Just imagine the pioneer who happened to be in possession of the only stash of ammunition left in the wagon train as a menacing band of Comanches approached, who insisted that they were his bullets and he was going to defend himself with them and himself alone, and nobody else was getting any. Who never admitted the briefest thought as to the fate of his fellow travelers once the enemy warriors descended. As likely as not, his companions would have shot him, taken his ammo and divided it amongst themselves.


Or perhaps they should have stayed back east. That's another common argument, of course. When challenged with the observation that people who run around in public unvaccinated and unmasked are putting vulnerable groups at risk, the "my rights" crowd will respond that well, those folks should stay at home then. Which further gives the lie to their fine posturing about personal liberties. Once again, they're most anxious to preserve their own liberties at the expense of rendering other people prisoners in their own homes.

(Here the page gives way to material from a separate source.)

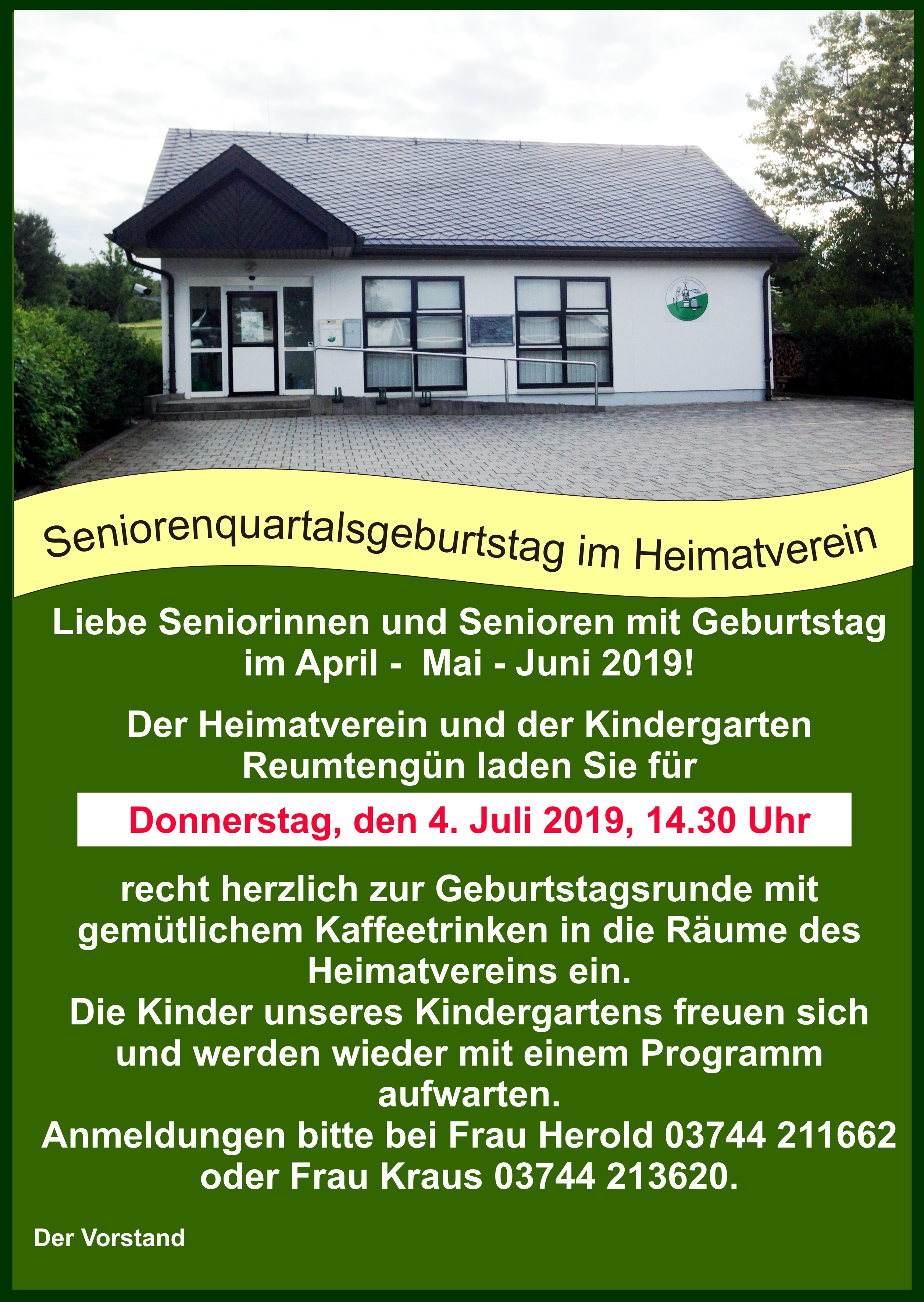 Am 4. Juli hatten die Heimatfreunde Reumtengrün und der Kindergarten zum Seniorenquartalsgeburtstag eingeladen. Einige Kinder nahmen zum letzten Mal an der Feier teil, da sie ab August Schulkinder sein werden. Das erste Lied war auch dem Schulanfang und dem Schulalltag gewidmet, außerdem wurde noch musikalisch zum Geburtstag gratuliert. Unsere Senioren hatten nach dem Kaffeetrinken die Gelegenheit, sich über die Geschehnisse im Ort auszutauschen. Viele Möglichkleiten für Zusammenkünfte gibt es leider nicht mehr.

So there's something fundamental that these video crusaders just aren't getting - fundamental not just to the concept of liberty but to the whole idea of a functioning civil society. Yes, you have rights and freedom - but so does everyone else. As the great Supreme Court justice Oliver Wendell Holmes is said to have once remarked, "My right to swing my fist ends where your nose begins." So with your right to throw a punch comes the responsibility to ensure it doesn't come into contact with someone's face - unless you're defending yourself from an attack, or unless you're both boxers in which case he's given you implied permission to hit him.

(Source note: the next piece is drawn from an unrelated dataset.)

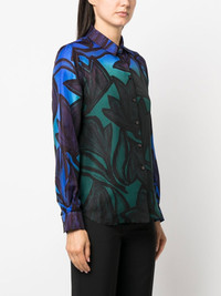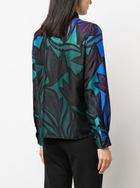 graphic-print silk shirt blue/multicolour silk all-over graphic print spread collar front button fastening long sleeves buttoned cuffs straight hem Made in Italy Composition Silk 100% SIZE & FIT Model measurements Height 5 ft 11 in(1.8 m) Bust/Chest 33.07 in(84 cm) Hips 37.4 in(95 cm) Waist 25.19 in(64 cm) FittingInformation This piece fits true to size. We recommend you get your regular size Cut for a loose fit Made with a lightweight non-stretch fabric

You don't ever see these charlatans arguing that a guy who shot someone during an argument shouldn't be arrested and face charges. Yes, they'll argue until they're blue in the gonads that it's the guy's right to pack heat, but they understand that said heat must be packed responsibly. Yet they don't extend this understanding of responsibility to other arenas of civic life. It's somehow... different, apparently.


I often find myself wishing that the people being confronted by these self-styled John Browns and Martin Luther Kings would respond with a few questions of their own. I hear your points about how your liberties overrule the government's concerns about public safety, sir, but I'm a little curious. How did you get to the grocery store today? Oh, you drove? OK. Is your vehicle duly registered and insured, and do you have a valid license to drive it? Did you wear a seatbelt? What side of the street did you drive on? Did you stop at traffic signals when they were red? Did you obey traffic signs and speed limits? Did you park in a marked parking space as opposed to sprawled across whichever bit of the sidewalk took your fancy? ...Yes to all those? Interesting.


If you actually issue such a challenge, be prepared that you're likely to hear a response along the lines that those are not the same, for reasons that vary depending on who you're talking to. Which is bullshit. The basic principle doesn't change just because the details are different. You might as well say a zebra isn't a mammal because it's different from a dolphin. But it's a convenient way for someone to get themselves out of a rhetorical corner. And that, at root, is what this is all about. Convenience. Theirs, of course. Not everyone else's.